I know that is impossible.
__________
That’s what life consists of, I’m afraid: erasing and being erased. We were on the verge of erasing you, as you may already know or suspect. We didn’t want to have a child. The thing is, we were still someone’s children then. So much so that the possibility of being parents ourselves seemed terribly distant. We also knew in advance that we were going to separate. For us love was an incident, an accident, a practice — best-case scenano, a high-risk sport.
A little before we found out about the pregnancy, we had considered breaking up. Maybe it will come as a shock to learn that the reason for our fights had been the dilemma of whether or not to have a dog.

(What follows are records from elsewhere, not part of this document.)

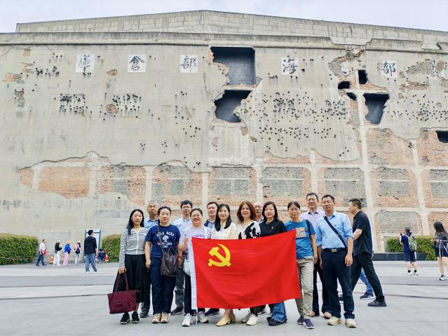 下午,党员们参观了上海四行仓库抗战纪念馆。站在四行仓库西墙“八百壮士”英勇抗敌遗留下来的弹孔墙前,全体党员内心深受震撼。在纪念馆内,党员们观看历史照片、实物展品和多媒体展示,仿佛置身于那个战火纷飞的年代,尤其是在深入了解谢晋元将军“舍生取义,誓守四行”的悲壮事迹后,党员们深刻感受到了中华民族在抗日战争中所展现出的顽强意志和不屈精神。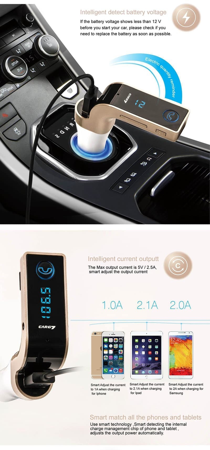 Fiche TechniqueCar Chargeur de voiture Bluetooth CAR pour téléphones mobiles-Kit voiture Bluetooth
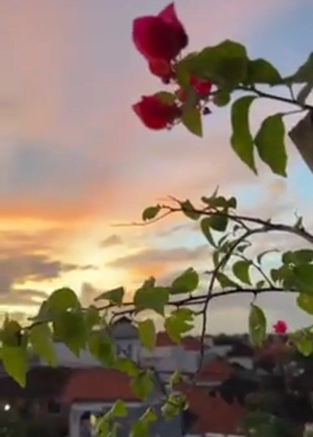 The video displays a close-up view of a pink bougainvillea plant against a vibrant sunset sky
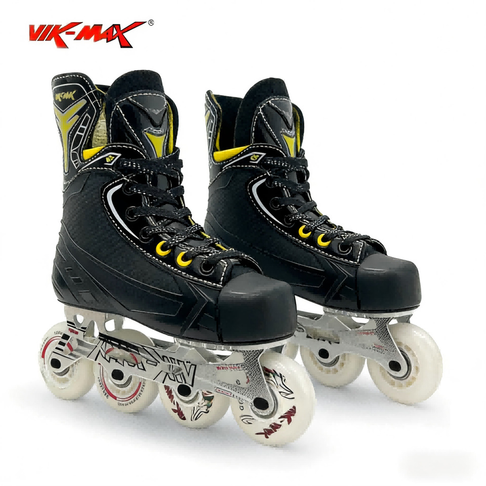 Patins à roulettes de hockey en ligne Vik-Max 2026 de qualité supérieure – Châssis en aluminium CNC HI/LO avec roues de dureté 76A SHR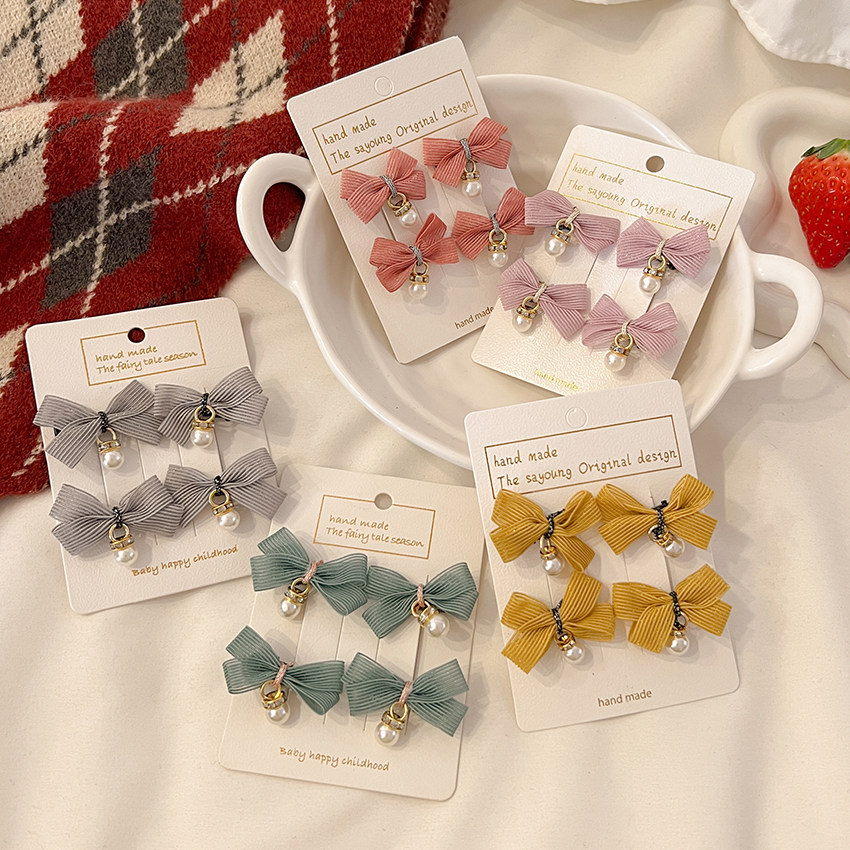 Детский аксессуар для волос, бусины с бантиком, заколка для волос, шпильки для волос для девочек, 2 пары, коллекция 2022, популярно в интернете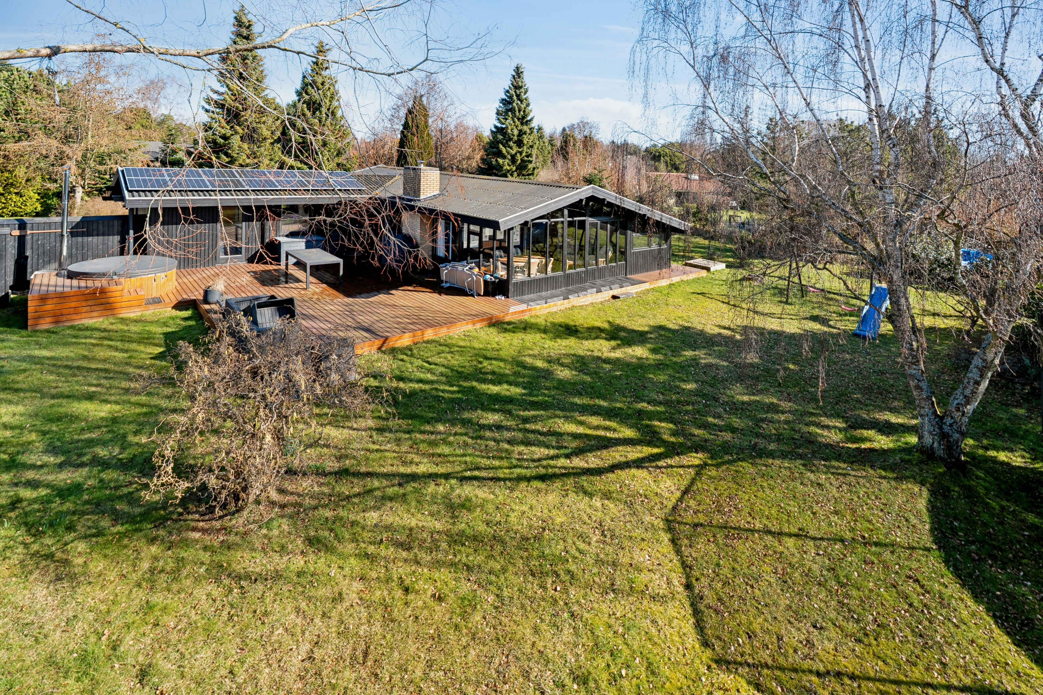 Sommerhus i Lupinerkvarteret. Huset har stor pejs og rummelig stue med opvaskemaskine, 2 terasser der er Øst vendt og Vest så man kan spise morgenmad og aftensmad under solen, dertil er der 10m2 overdækket terrasse. Boligen kommer med vildmarksspa med plads til 8 personer. Boligen har 5 min. gang til vand og købmand, og 2 min. gang til boldbaner og legeplads uden der skal krydses en vej fra stisystemer. Der er lagt op til aktiviteter og i boligen finder du brætspil, dart, basketkurv, PS4 og meget andet.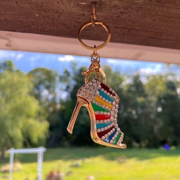 Add a touch of glamour to your accessories with this multicolor rhinestone high heel keychain. Perfect for a bag charm. Rhinestones

At first she wanted one, but I thought it was too much responsibility. Then I was the one who wanted it and she argued we were fine as we were, that we had to establish ourselves as a couple before getting a dog. In the end we agreed: we weren’t sure we’d be able to take good care of it, or would have the patience and discipline necessary to take it for walks every day, be sure its dish was always full of food, apply flea repellent every month.
We thought we were too young to take on the responsibility of a dog, but we weren’t really so young: I was twenty-four, same as your mother. At that age, my father already had two children. The younger one, four years old, was me. But in my generation — I know you hate that word — having children was something we only began to think about at thirty or thirty-five, if we ever started thinking about it. Anyway, I don’t know if it’s any consolation, but when we found out about the pregnancy we never considered the possibility of an abortion. I mean, we thought about it, we asked about prices at clandestine clinics, we even went to one of them, but we didn’t seriously consider it. It would be inexact to say that we changed our minds, because, as I’ve said, it was one idea among many, but it wasn’t the primary one.

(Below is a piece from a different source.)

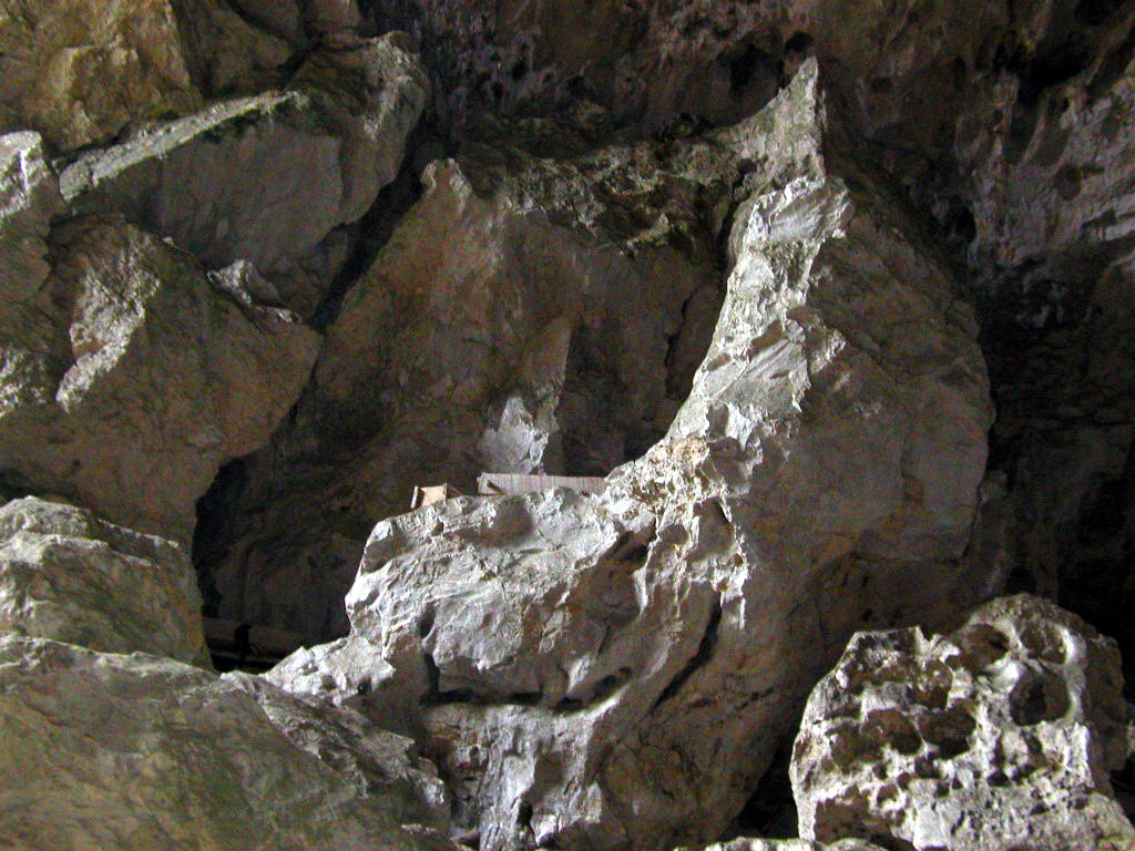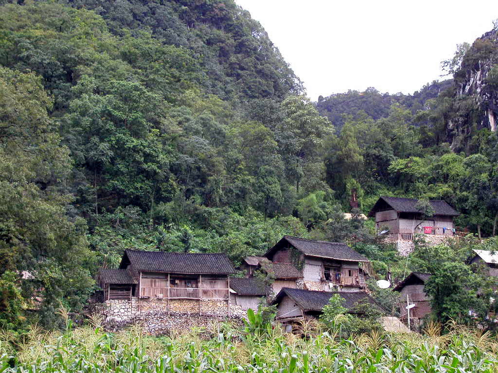 从紫云县城驱车约40公里,沿青山对峙的峡谷逆格凸河而上,就到了伏流出口处的小穿洞,(从大穿洞走,有个岔路)格凸河水又重见天日,流向水电站。在伏流出口上方有上、中、下三个溶洞,洞中苗寨就在高高的中洞。要到达中洞苗寨必须爬山穿过下洞,这是一个布满化石的洞厅,从洞中残遗的地基来看,似曾作过穴居人的村落。沿着因地表塌陷而乱石堆积出的陡坡向上攀登,仿佛置身于人类文明进程的时间隧道。体力好的人大约要走两个多小时,穿过葱郁的竹林,一个高50米、宽115米的巨大洞穹出现在眼前,据说深有215米。在洞口有三间无顶的砖砌房间和一个小操场、篮球架、升起的国旗,那是洞中学校。靠近洞口散布着几十座同样没有屋顶的干栏式木柱竹楼,倒像舞台布景(相片上看,更像手工模型),人们就在这舞台上天天演绎着真实的“山顶洞人”古朴生活。球场边如金蟾的钟乳石承接着洞顶终年不断滴下的甘泉汇成一池,供给着人畜的基本饮水。据介绍,你在洞口外,就能听里面读书、说话、作工、鸡鸣猪叫和锅碗瓢盆发出的回声交响曲,犹如在播放一曲远古的歌谣。一进洞,回声消失,各种声音清晰可辨。据说,这一声学现象与洞顶密布的溶蚀“漩涡”有关。

The day you were born was the happiest day of my life, but I was so nervous I don’t know if happiness is really the best word to describe what I felt. I think it is my obligation to tell you, in spite of the absolute love I have always felt for you, in spite of how much you have brightened my life, and I assume your mother’s as well — I haven’t seen her in around ten years now, but I’m sure that for her as well, you have been a constant source of happiness — in spite of all that, I have to tell you that during the eighteen years you’ve now been alive, I’ve never stopped wondering what my life would have been like if you had never been born.

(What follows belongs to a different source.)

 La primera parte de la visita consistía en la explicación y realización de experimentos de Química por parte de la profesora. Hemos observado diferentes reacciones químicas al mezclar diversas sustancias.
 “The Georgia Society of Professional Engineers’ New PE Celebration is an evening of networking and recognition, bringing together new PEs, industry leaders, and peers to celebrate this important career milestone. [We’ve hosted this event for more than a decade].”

It’s an overwhelming thought, an exit that leads to the darkest of nights, to the most complete blackness, but also to shadow and sometimes, slowly, toward something like a clearing in the woods. These fantasies are normal, but it’s not so common for parents to confess them. For example, over the years I have thought thousands of times that if you hadn’t been born I would have needed less money, or could have disappeared for weeks on end without worrying about anyone. I could have prolonged my youth for several more years. I could have even killed myself. I mean, the first consequence of your birth was that from then on, I could never kill myself. When some friend of mine who doesn’t have kids talks to me about his little wounds where, after languidly digging around in them, he’s found infinite desperation and anguish, I don’t say what I really think, which is this: Why don’t you just kill yourself?